§ **Work required**
Your answer should hold exactly the lines below from the line with "A studio apartment" through the line with "Классический воротник\Карманы с", both included, and no pictures at all.

§ **Records**
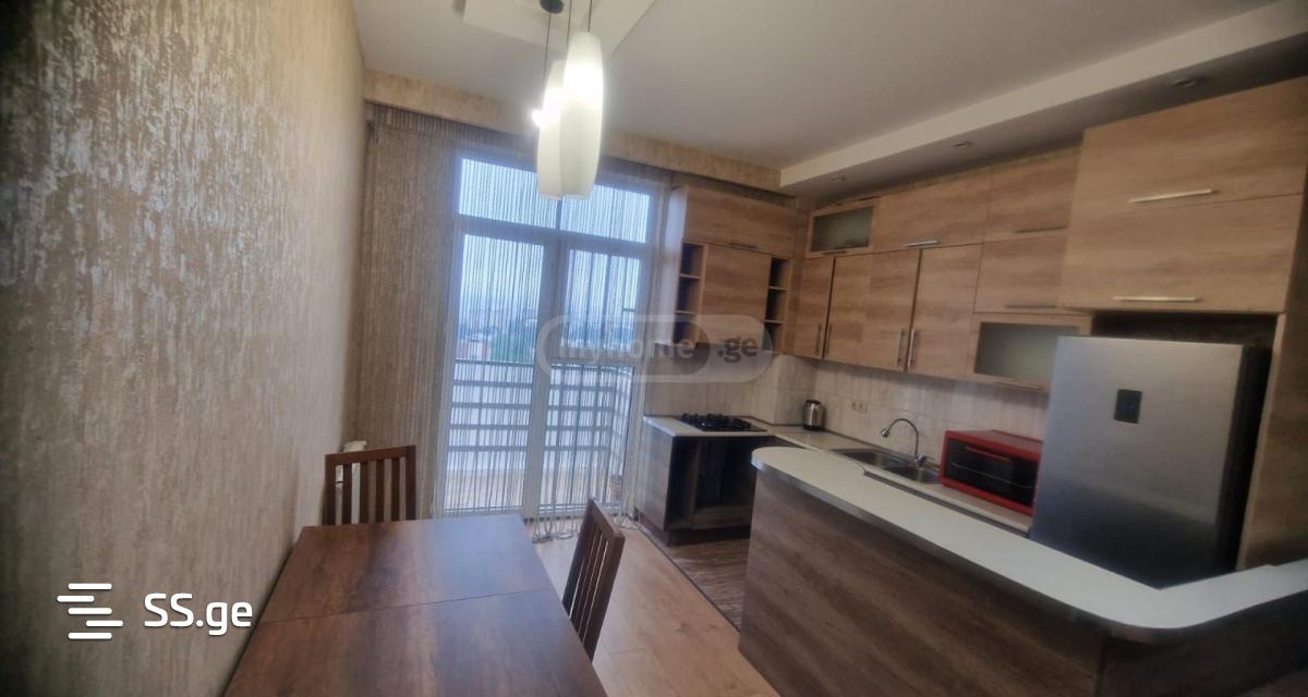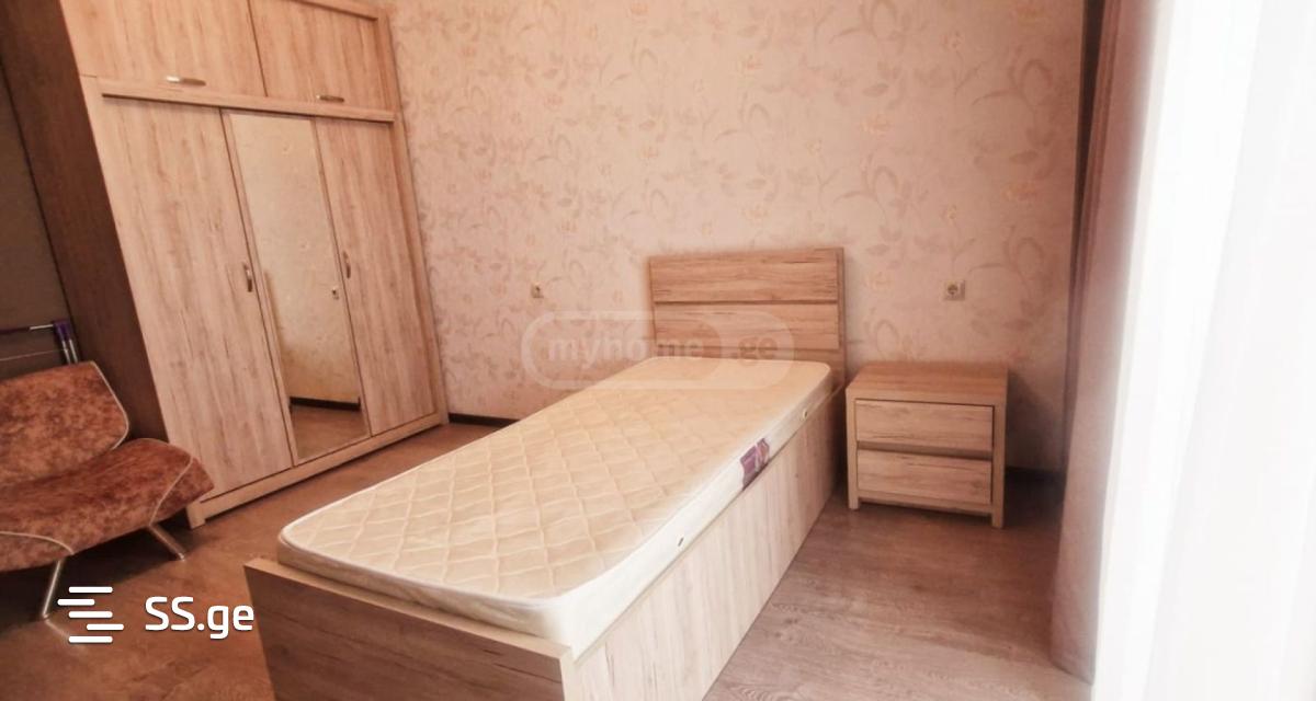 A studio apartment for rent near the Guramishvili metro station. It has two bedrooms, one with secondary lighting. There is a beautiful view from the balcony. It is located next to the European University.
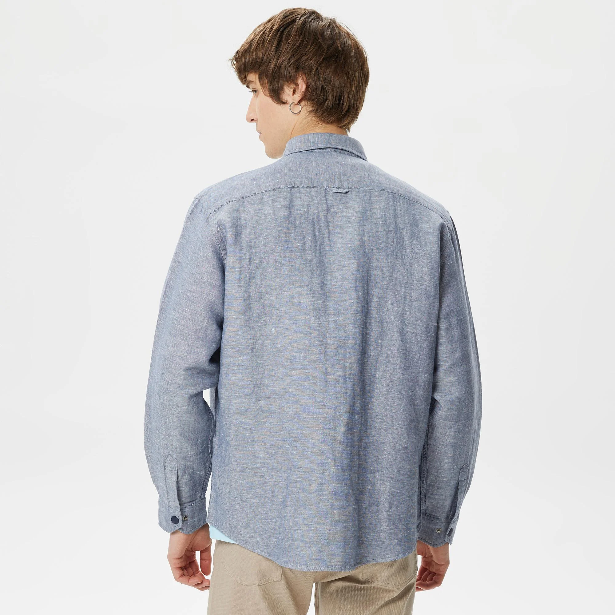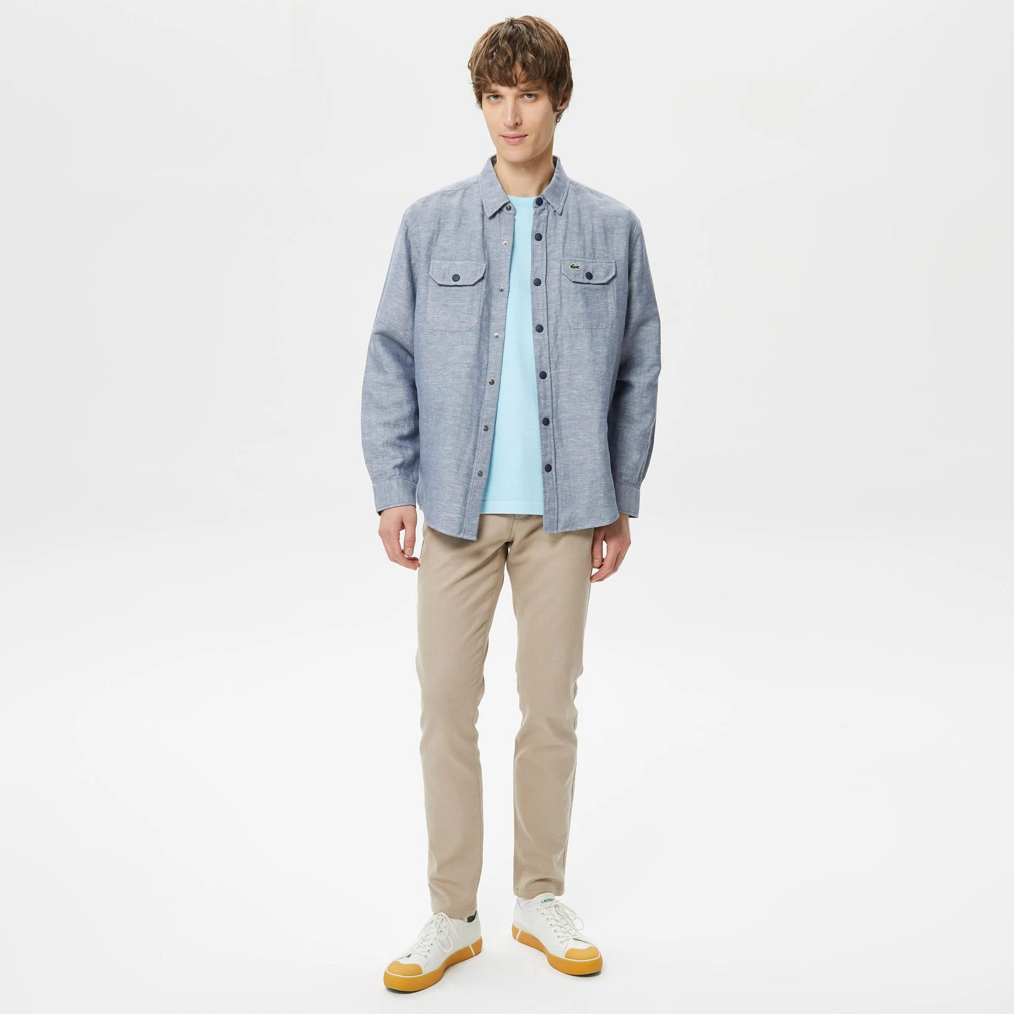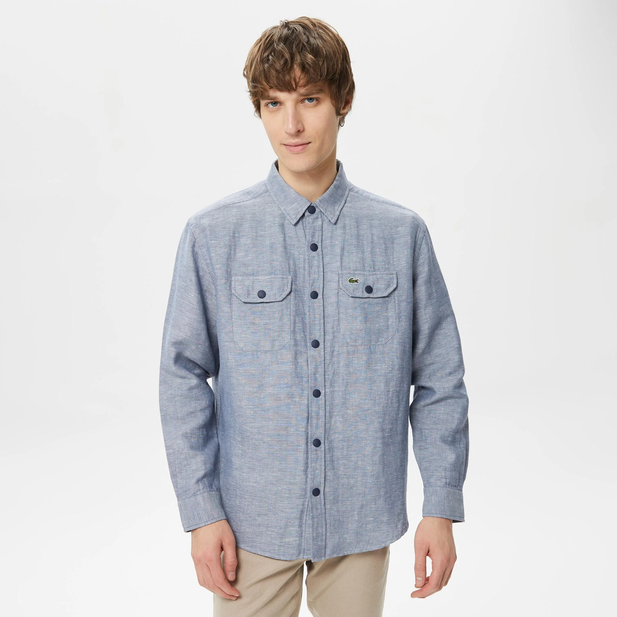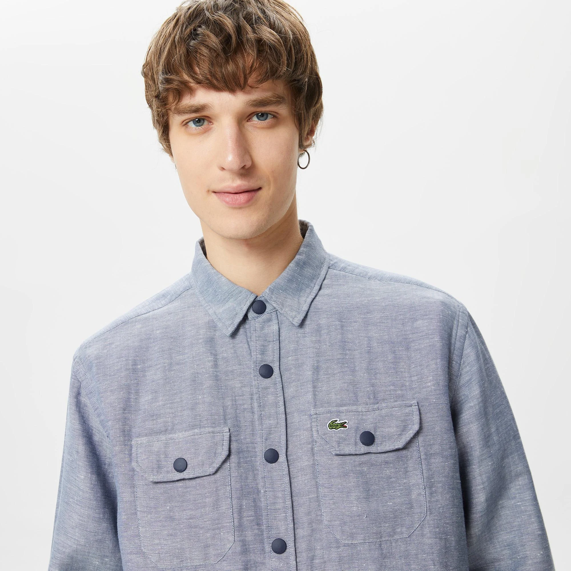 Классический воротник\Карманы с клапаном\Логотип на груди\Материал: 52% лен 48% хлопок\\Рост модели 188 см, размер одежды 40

---

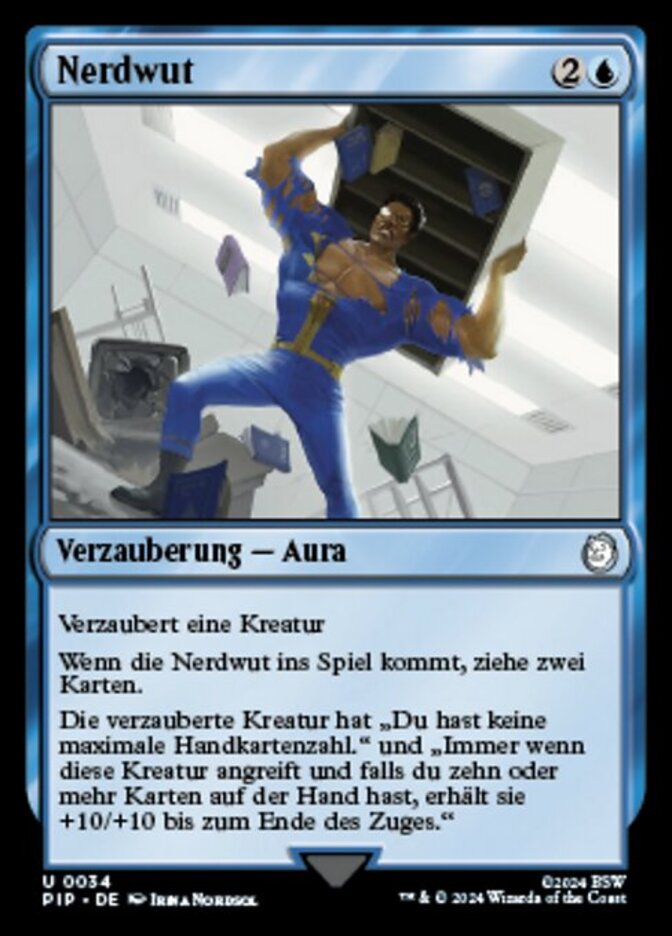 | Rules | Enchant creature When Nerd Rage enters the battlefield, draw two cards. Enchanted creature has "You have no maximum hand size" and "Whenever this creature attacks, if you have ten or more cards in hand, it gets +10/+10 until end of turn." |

§ **Output**
 A studio apartment for rent near the Guramishvili metro station. It has two bedrooms, one with secondary lighting. There is a beautiful view from the balcony. It is located next to the European University.
 Классический воротник\Карманы с клапаном\Логотип на груди\Материал: 52% лен 48% хлопок\\Рост модели 188 см, размер одежды 40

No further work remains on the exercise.